Bereits die erste Literatur der ayurvedischen Lehre, die über 2000 Jahre alte Charaka Samhita, empfiehlt das Ölziehen. Die Medien haben den Trend seit einiger Zeit aufgegriffen und neue Studien belegen die positiven Auswirkungen auf die Gesundheit - was steckt dahinter?

 

Die Verwendung von Mundziehöl ist relativ einfach: Man nehme morgens vor dem Zähneputzen einen Esslöffel davon in den Mund und bewege das Öl etwa zehn Minuten zwischen den Zähnen hin und her. Dann spucke man es in ein Papiertaschentuch - zum Schutze der Umwelt nicht ins Waschbecken - und entsorge es. 

 

Die gesundheitlichen Folgen sind vielversprechend: Die indische Volksheilkunde schwört darauf, um Zahnfleisch und Kiefer zu stärken.
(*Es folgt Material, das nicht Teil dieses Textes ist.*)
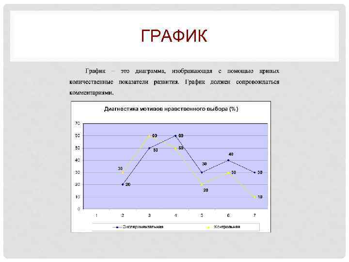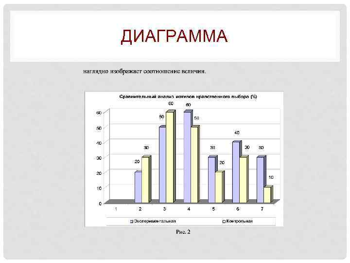 ВТОРОЙ ПАРАГРАФ ВТОРОЙ ГЛАВЫ Посвящен анализу результатов опытно экспериментальной работы. Сопоставление и сравнение исходных данных и полученных результатов и составляют содержание второго параграфа. Количественный и качественный анализ результатов исследования должен быть исчерпывающим, развернутым и завершенным, т. е. с представлением выводов и практических рекомендаций. Если в работе используется 2 3 методики, то целесообразно провести анализ результатов по каждой методике, а затем дать сводную характеристику полученных результатов. Требования к проведению педагогического эксперимента предполагают наличие контрольной и экспериментальной групп, выборки испытуемых той и другой группы должны быть однородными по всем диагностическим показателям.
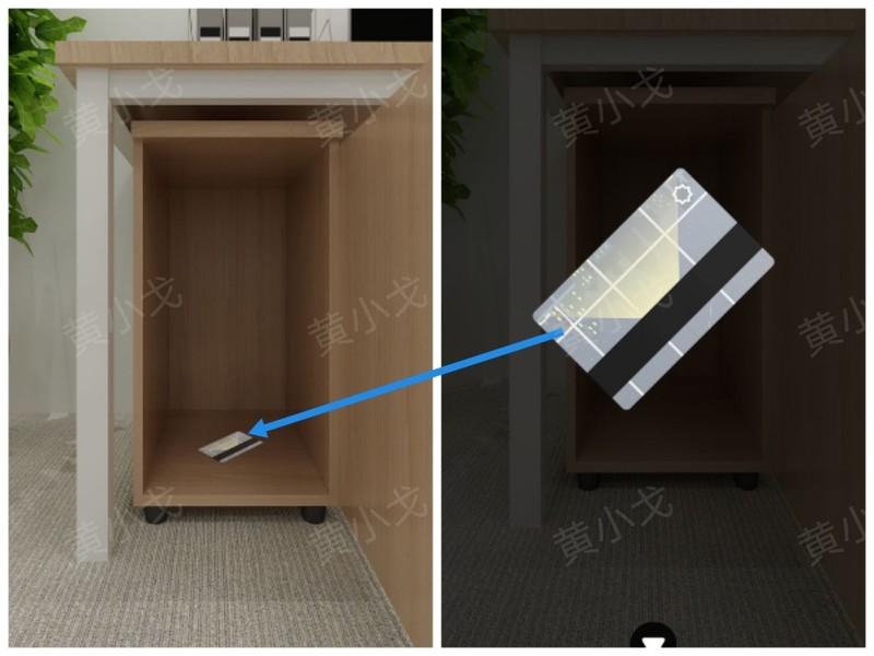 打开柜子,拿到卡片。

Zudem wird Mundziehöl eine heilende Wirkung gegen Karies, Zahnfleischbluten, Mundgeruch und rissige Lippen nachgesagt. Wissenschaftliche Studien haben bewiesen, dass sich bei den „ölziehenden“ Teilnehmern Karies-Bakterien wie Streptoccocus mutans um bis zu 30 Prozent verringert haben. Weitere Nebeneffekte sind weißere Zähne, ein angekurbelter Fettstoffwechsel und die Ausschwemmung von Giftstoffen und Mikroorganismen. Unsere Zunge ist ein Entgiftungsorgan - die Ölmischung kann über die Zunge Schadstoffe aus dem Körper ziehen.

 

Die reinigende Wirkung ist schon nach der ersten Anwendung bemerkbar: Wenn man das Öl im Mund minutenlang „herumsprudelt“, gelangt es an Stellen, die für die Zahnbürste unerreichbar sind. Zahnspalten und enge Zwischenräume werden spürbar gereinigt, das Öl gelangt in die hinterste Ecke. 

 

Die erforderten acht bis zwölf Minuten sind zu Beginn eine kleine Überwindung, es gibt aber einen kleinen Trick: Man muss morgens nicht „wangenwölbend“ vor dem Spiegel stehen und ungeduldig auf die Uhr starren. Während des Ölziehens kann man das Bett machen, die Wohnung aufräumen oder seinen Instagram-Feed durchschauen. Achtung: Dabei das Öl nicht herunterschlucken - nicht weil das Produkt giftig ist, sondern weil jene Bakterien und Giftstoffe darin enthalten sind, die der Körper loswerden wollte.

 

I24 Mundziehöl - Detoxifying von Oliveda, gesehen auf oliveda.de 

 

Zur Transparenz für euch: Das Produkt wurde MindfulMag kostenlos zum Testen zur Verfügung gestellt, aber ihr könnt euch sicher sein, dass dies unsere unabhängige, persönliche Meinung ist.

 

Fazit nach drei Wochen: Die Zähne sind einen Tick weißer geworden, trotz einer neu entdeckten Passion für Rotwein. Das Hautbild hat sich auch während der Periode nicht verschlechtert. Der wichtigste Punkt: Wenn man in Stresssituationen zu Hautunreinheiten oder kleinen Entzündungen im Mundbereich neigt, wirkt das Mundziehöl effektiv dagegen an. Auch bei dem sonst so gefürchteten Stressfaktor „Flugzeug“ kam es zu keinerlei Entzündungen. Zudem ist es angenehm, ein kleines Ritual zu haben, bei dem sich ein minziges Gefühl im Mund ausbreitet. Es fühlt sich an wie eine kleine Wellness-Behandlung am Morgen.